===== GIVEN DATA

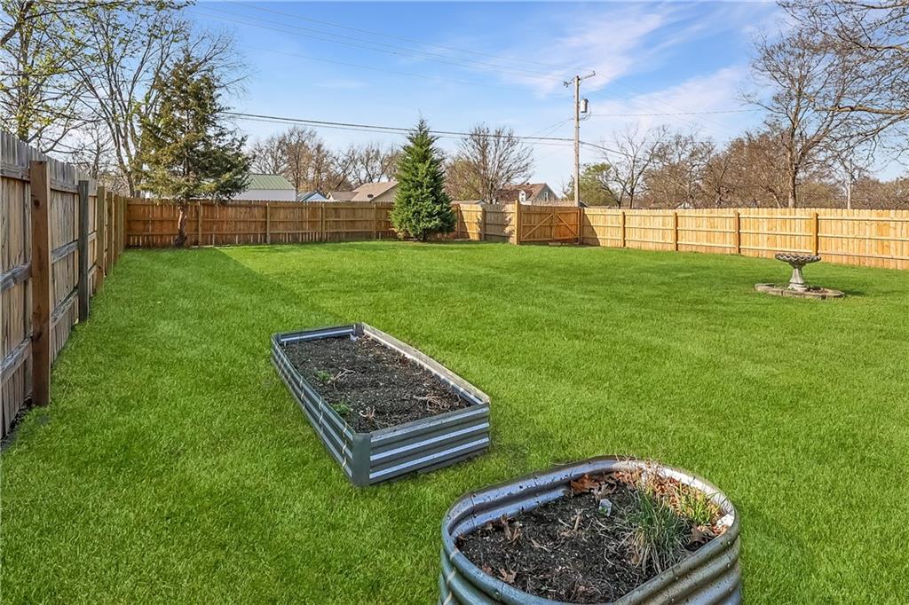 Great for first-time buyers or those looking to downsize! This cute 2-bedroom home offers one-level living with an attached garage. The pearl of the home is the spacious backyard, complete with a 6-ft privacy fence—perfect for relaxing or entertaining. Rear parking, a storage shed, all on a large lot. All appliances stay, and the eat-in kitchen adds to the home’s charm. Newer heating and cooling systems provide added comfort and peace of mind. Ideally located near the Harrisonville Square, parks, and schools.
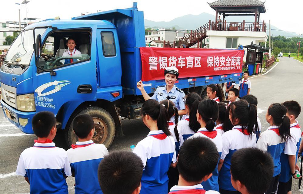 進(jìn)入暑期以來,江西省贛州市南康區(qū)公安局交管大隊組織民警通過寓教于樂的形式開展交通安全教育活動,提高學(xué)生“知危險、會避險”的交通安全防護(hù)意識。圖為7月30日,民警組織孩子們體驗(yàn)實(shí)景模擬貨車通行安全盲區(qū),宣講出行注意事項(xiàng)。
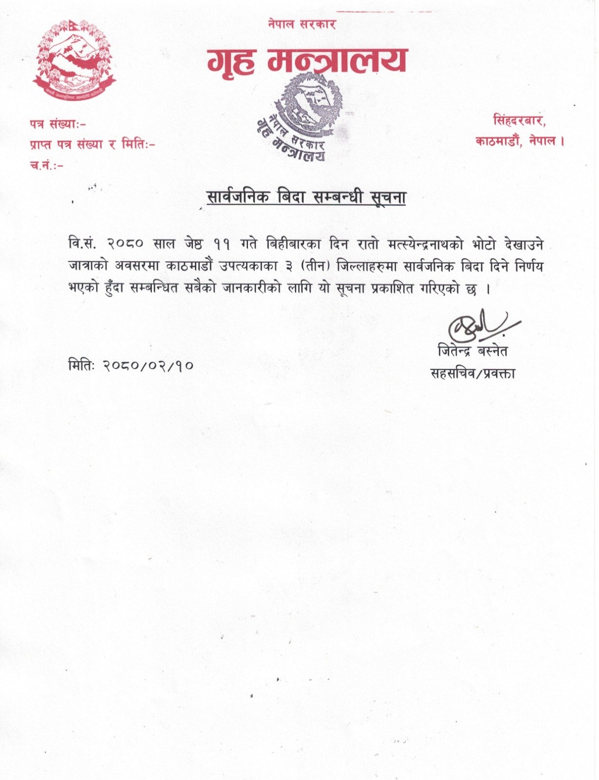 गृह मन्त्रालयले बुधबार एक विज्ञप्ति जारी गर्दै रातो मत्स्यन्द्रनाथको भोटो देखाउने दिनका अवसरमा उपत्यकाका तीन जिल्ला (काठमाडौं, ललितपुर र भक्तपुर) मा विदा दिइएको जनाएको छ।

==========

EXERCISE PROMPT: Drop the pictures and give every line above again exactly.

RESULT OF THIS TASK:
 Great for first-time buyers or those looking to downsize! This cute 2-bedroom home offers one-level living with an attached garage. The pearl of the home is the spacious backyard, complete with a 6-ft privacy fence—perfect for relaxing or entertaining. Rear parking, a storage shed, all on a large lot. All appliances stay, and the eat-in kitchen adds to the home’s charm. Newer heating and cooling systems provide added comfort and peace of mind. Ideally located near the Harrisonville Square, parks, and schools.
 進(jìn)入暑期以來,江西省贛州市南康區(qū)公安局交管大隊組織民警通過寓教于樂的形式開展交通安全教育活動,提高學(xué)生“知危險、會避險”的交通安全防護(hù)意識。圖為7月30日,民警組織孩子們體驗(yàn)實(shí)景模擬貨車通行安全盲區(qū),宣講出行注意事項(xiàng)。
 गृह मन्त्रालयले बुधबार एक विज्ञप्ति जारी गर्दै रातो मत्स्यन्द्रनाथको भोटो देखाउने दिनका अवसरमा उपत्यकाका तीन जिल्ला (काठमाडौं, ललितपुर र भक्तपुर) मा विदा दिइएको जनाएको छ।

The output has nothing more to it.